> REQUIRED WORK: Within the records below, find the line with "④隱形眼鏡商品的規(guī)" and the line with "I don't need", then reproduce exactly those two lines and all lines between them, without any picture.

> ENTRIES SUPPLIED:
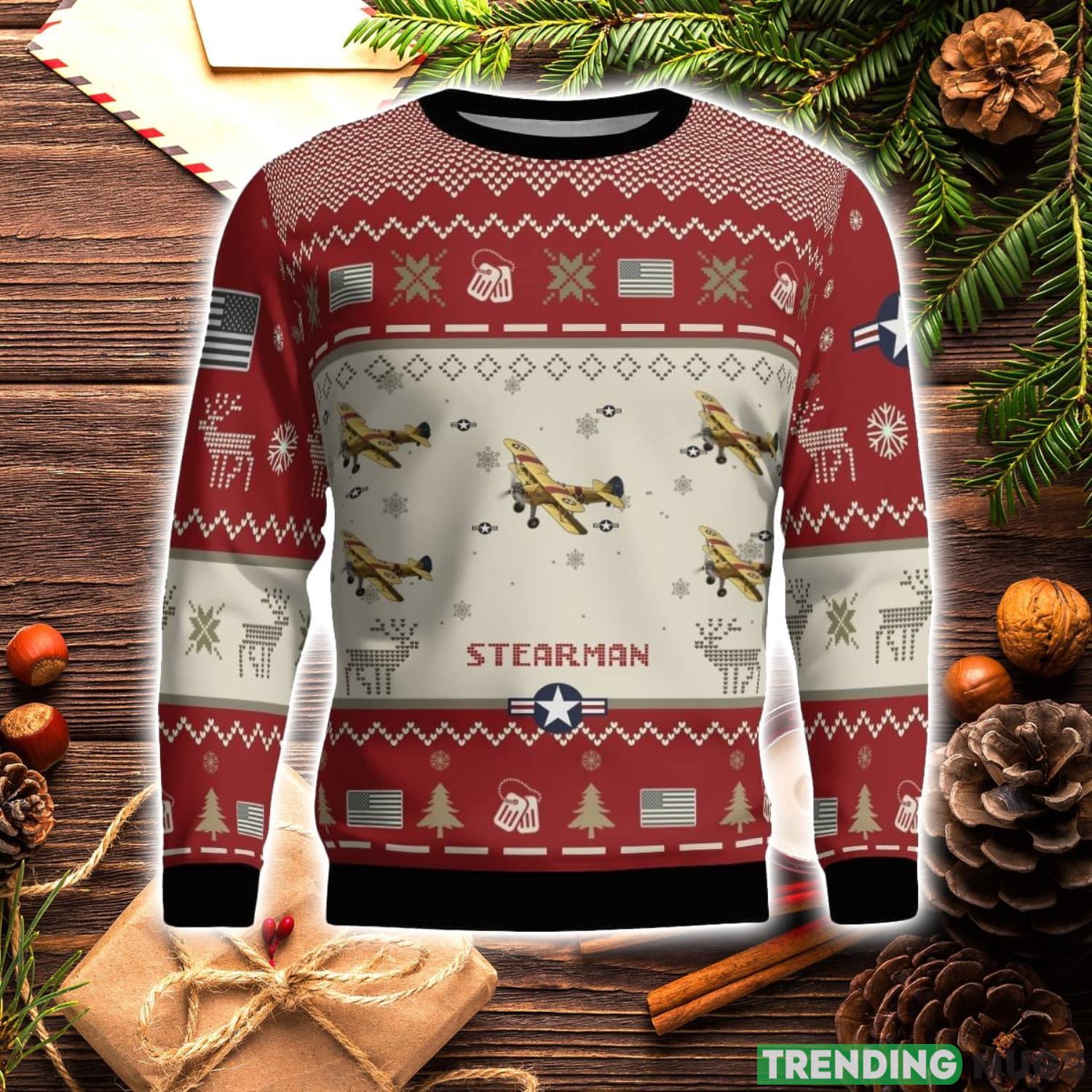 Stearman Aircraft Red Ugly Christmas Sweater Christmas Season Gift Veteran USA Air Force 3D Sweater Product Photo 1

---

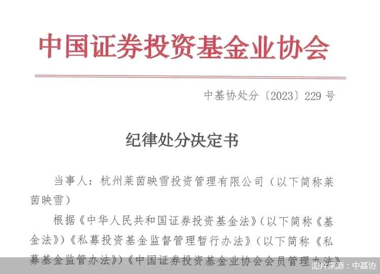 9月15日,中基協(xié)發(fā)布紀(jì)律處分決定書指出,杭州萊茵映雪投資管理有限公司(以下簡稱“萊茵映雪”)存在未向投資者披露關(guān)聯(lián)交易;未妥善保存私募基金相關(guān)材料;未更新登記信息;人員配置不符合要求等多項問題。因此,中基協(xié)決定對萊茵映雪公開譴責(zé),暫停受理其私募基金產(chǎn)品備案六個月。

...

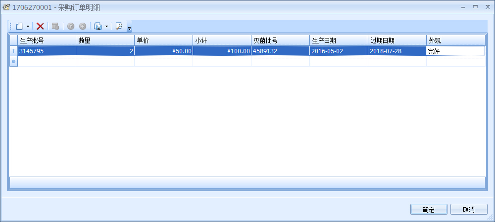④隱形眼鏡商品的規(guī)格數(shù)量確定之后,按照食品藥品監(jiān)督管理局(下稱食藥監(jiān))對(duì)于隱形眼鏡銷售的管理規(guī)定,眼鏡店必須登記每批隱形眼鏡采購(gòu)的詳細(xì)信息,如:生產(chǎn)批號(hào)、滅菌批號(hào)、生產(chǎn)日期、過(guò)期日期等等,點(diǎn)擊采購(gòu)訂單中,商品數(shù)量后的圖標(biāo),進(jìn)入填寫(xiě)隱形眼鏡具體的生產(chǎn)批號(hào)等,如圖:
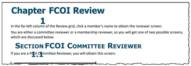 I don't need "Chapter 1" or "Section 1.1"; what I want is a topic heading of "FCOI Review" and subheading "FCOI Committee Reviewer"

> RESULT:
④隱形眼鏡商品的規(guī)格數(shù)量確定之后,按照食品藥品監(jiān)督管理局(下稱食藥監(jiān))對(duì)于隱形眼鏡銷售的管理規(guī)定,眼鏡店必須登記每批隱形眼鏡采購(gòu)的詳細(xì)信息,如:生產(chǎn)批號(hào)、滅菌批號(hào)、生產(chǎn)日期、過(guò)期日期等等,點(diǎn)擊采購(gòu)訂單中,商品數(shù)量后的圖標(biāo),進(jìn)入填寫(xiě)隱形眼鏡具體的生產(chǎn)批號(hào)等,如圖:
 I don't need "Chapter 1" or "Section 1.1"; what I want is a topic heading of "FCOI Review" and subheading "FCOI Committee Reviewer"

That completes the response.